Jonathan Gullis, the Conservative MP for Stoke on Trent North, said: “I am passionate about our Government’s levelling up agenda, helping to create jobs and growth right across the country.
“Hard pressed families in areas like Stoke spend three times as much of their disposable income on broadband compared to richer families in London.
“If the Government cuts the broadband tax, recognising it as a necessity not a luxury, it would be a real boost to families across the North. This has been made even more important by the pandemic.
“Stoke is blazing a trail in installing gigabit broadband thanks to the action taken by the Conservatives. If the Prime Minister goes one step further and cuts the broadband tax he would give families an extremely welcome £70 cash boost and would help make the internet more affordable for people who are struggling to make ends meet.”
Broadband challenger Cuckoo internet argues that taxing broadband like a luxury item is regressive and wrong.
Its analysis shows that there is a clear North-South divide when it comes to broadband.
The North West, North East, Yorkshire and the Humber, East Midlands, West Midlands regions all spend more than the national average on broadband as a percentage of household income.

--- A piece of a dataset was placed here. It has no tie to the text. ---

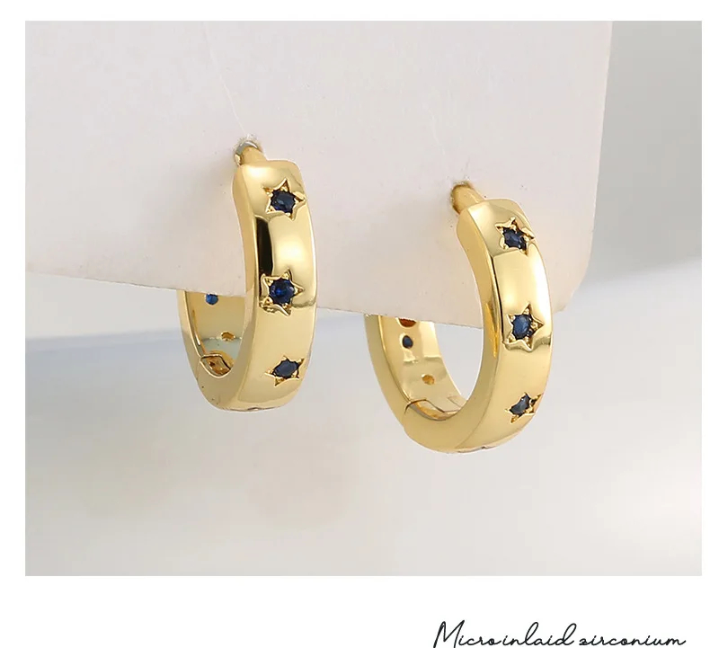 Hot Sale Trendy Gold-Plated Brass Mini Hoop Earrings Fashionable Silver Zircon Geometric Pattern Diamond Pearl Unique Star

Households in Wales, Scotland and Northern Ireland also spend above the UK average.
Alexander Fitzgerald, Founder and CEO of Cuckoo Internet, said: “The internet is essential – not a luxury – so it’s unjust that it should be taxed like one.
More than a quarter of low income families in the UK don’t have access to broadband. Cuckoo is calling on the Government to reduce the tax households pay by cutting VAT on broadband. We’re on a mission to make broadband simple, for good.”
Studies show that an estimated one million children and their families did not have access to online connectivity during the coronavirus lockdown.
Education charity Teach First surveyed teachers working in the UK’s most disadvantaged schools, with only two per cent confident that their pupils had adequate access to online learning.
Research by Oak National Academy, the Department for Education-backed online school has revealed that a significant number of pupils in the UK don’t have the necessary access to the internet or devices to engage with Oak.
On average, 220,000 people benefitted from Oak everyday during the pandemic, but many missed out on months of learning, with 25 per cent of teachers telling Oak that their pupils didn’t have internet access at home.
Educational materials such as books, magazines, newspapers and, most recently, digital versions of publications, have a zero-rated VAT level.